## Exercise
Your answer must be the lines from the first record through the line that contains "Shanghai naisten lyhythihainen", copied exactly and without any pictures.

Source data
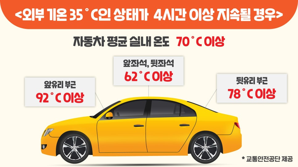 푹푹 찌고 더운 날씨로 인해 폭염 경보까지 발표된 요즘인데요! 이렇게 더운 날씨, 직사광선 아래 주차된 차량은 짧은 시간 안에도 내부 온도가 급격하게 상승하는데요. 외기 온도가 30도일 때, 차량 내부는 보통 5~60도, 극단적인 경우 7~90도 가까이 오르기도 합니다. 자동차는 뜨거운 열 에너지를 받아들이는 전면 유리 면적이 넓은 반면, 내부 공간은 구조상 밀폐되어 있으므로 열이 쉽게 빠져나가지 못하고 온실 효과를 일으키며 고온의 실내 환경을 만들어 내는 것이죠.
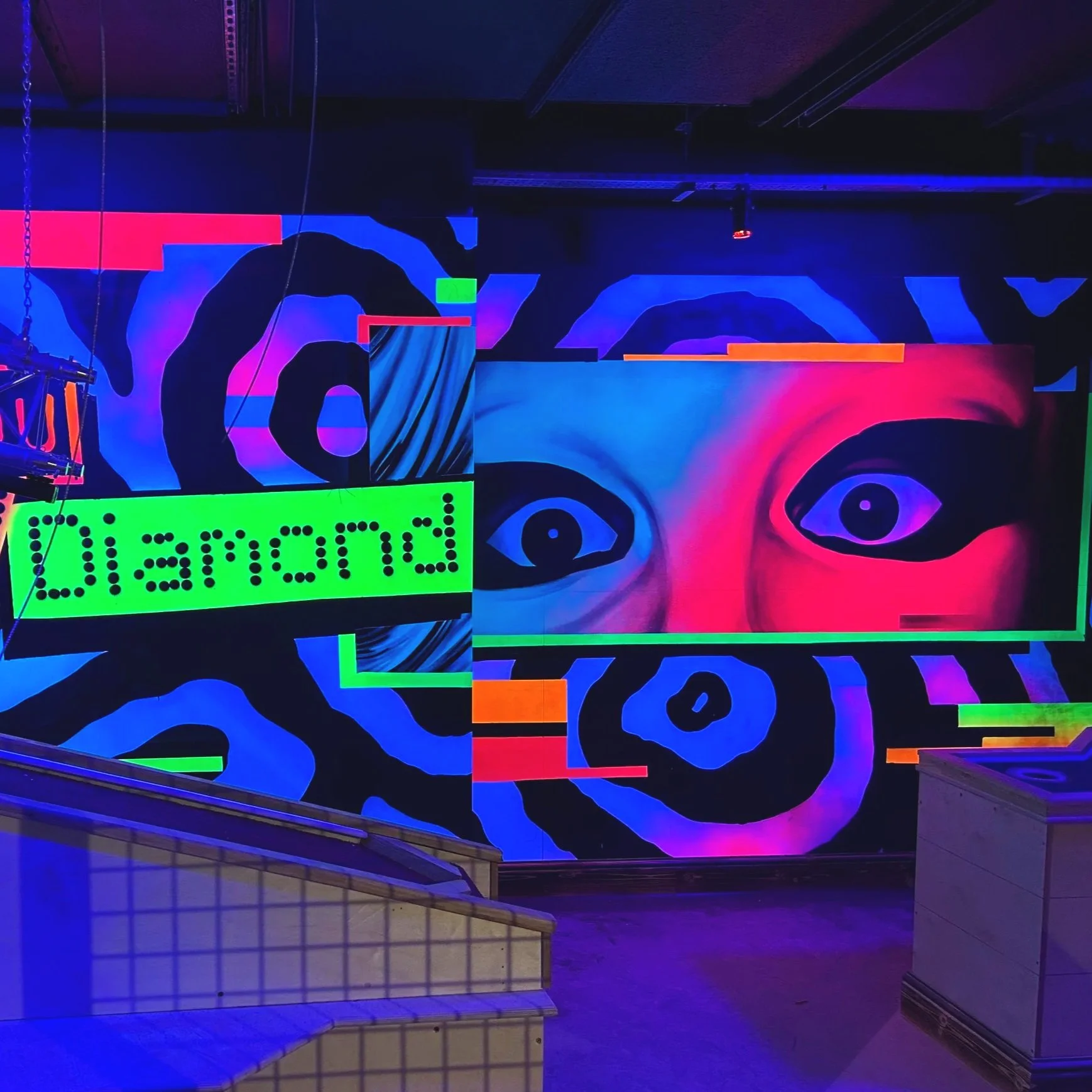 We specialise in UV spray-painted graphics, producing clean, precise, and long-lasting finishes that perform under ultraviolet lighting. Our work for Crazy Pool areas in multiple Roxy and Kingpins venues focuses on bold composition, sharp linework, and colour palettes designed to remain vibrant and durable over time. Each design is tailored to the specific layout and branding of the space, ensuring clarity and impact from every angle.
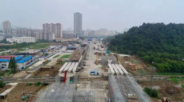近日,隧道南区、北区U形槽已基本施工完毕,高架段在实施现浇梁及主体结构施工。目前,主线桥连续梁已浇筑完成,正在桥面附属施工阶段。
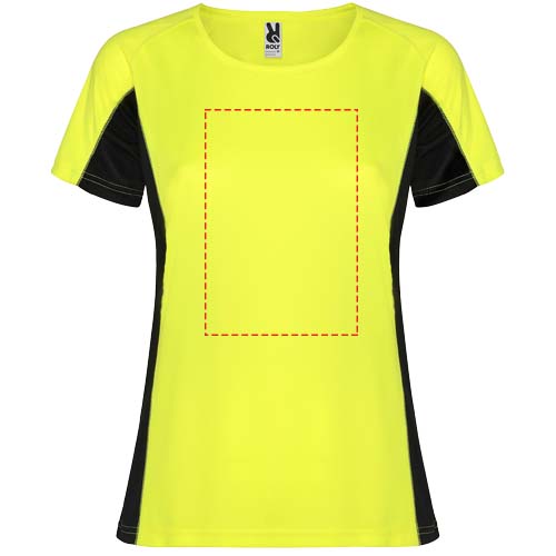 Shanghai naisten lyhythihainen urheilu-t-paita, Fluori keltainen / tasainen musta
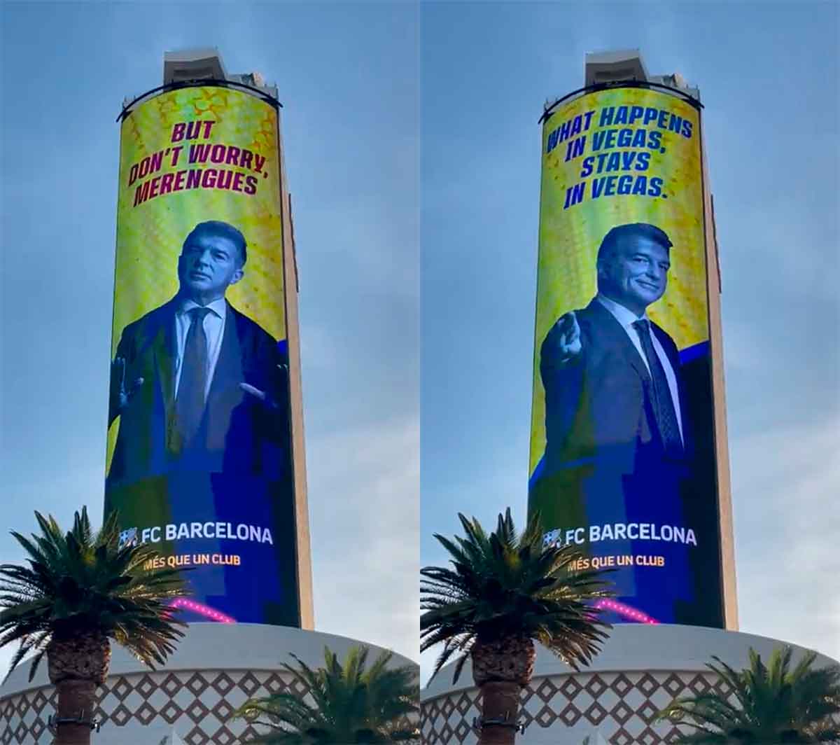 Laporta precisamente es el protagonista una vez más. Qué sorpresa. El afán por llamar la atención del presidente del Barça está a la altura de personajes como Jesús Gil o el todólogo César Carballo. La última ha sido un cartel luminoso. Mejor vedlo:
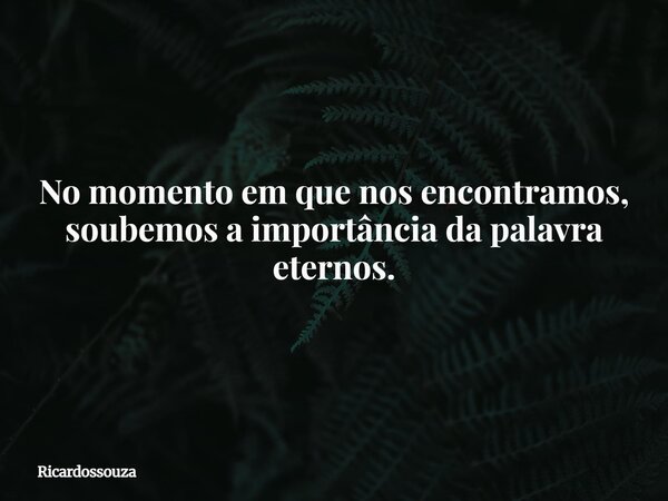 No momento em que nos encontramos, soubemos a importância da palavra eternos.
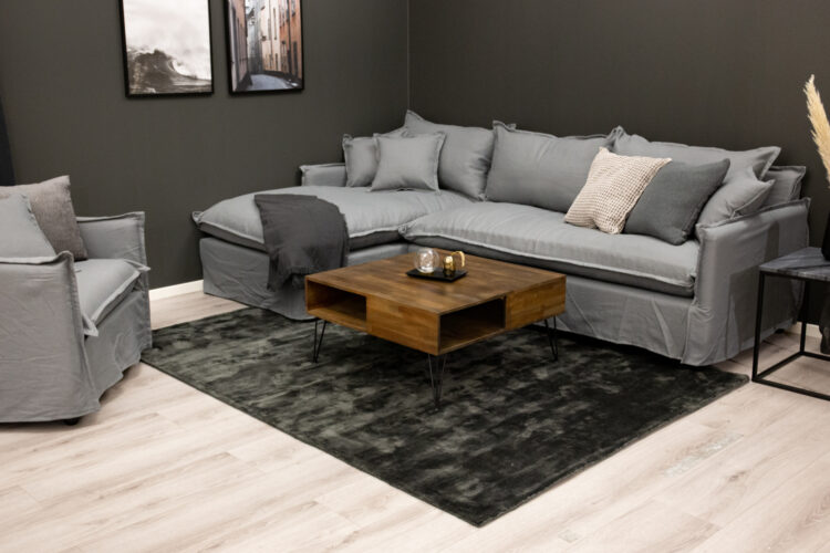 Fyrkantigt soffbord i vacker teak och med praktisk förvaring som är delvis skymd i bordet.

## Final answer
 푹푹 찌고 더운 날씨로 인해 폭염 경보까지 발표된 요즘인데요! 이렇게 더운 날씨, 직사광선 아래 주차된 차량은 짧은 시간 안에도 내부 온도가 급격하게 상승하는데요. 외기 온도가 30도일 때, 차량 내부는 보통 5~60도, 극단적인 경우 7~90도 가까이 오르기도 합니다. 자동차는 뜨거운 열 에너지를 받아들이는 전면 유리 면적이 넓은 반면, 내부 공간은 구조상 밀폐되어 있으므로 열이 쉽게 빠져나가지 못하고 온실 효과를 일으키며 고온의 실내 환경을 만들어 내는 것이죠.
 We specialise in UV spray-painted graphics, producing clean, precise, and long-lasting finishes that perform under ultraviolet lighting. Our work for Crazy Pool areas in multiple Roxy and Kingpins venues focuses on bold composition, sharp linework, and colour palettes designed to remain vibrant and durable over time. Each design is tailored to the specific layout and branding of the space, ensuring clarity and impact from every angle.
近日,隧道南区、北区U形槽已基本施工完毕,高架段在实施现浇梁及主体结构施工。目前,主线桥连续梁已浇筑完成,正在桥面附属施工阶段。
 Shanghai naisten lyhythihainen urheilu-t-paita, Fluori keltainen / tasainen musta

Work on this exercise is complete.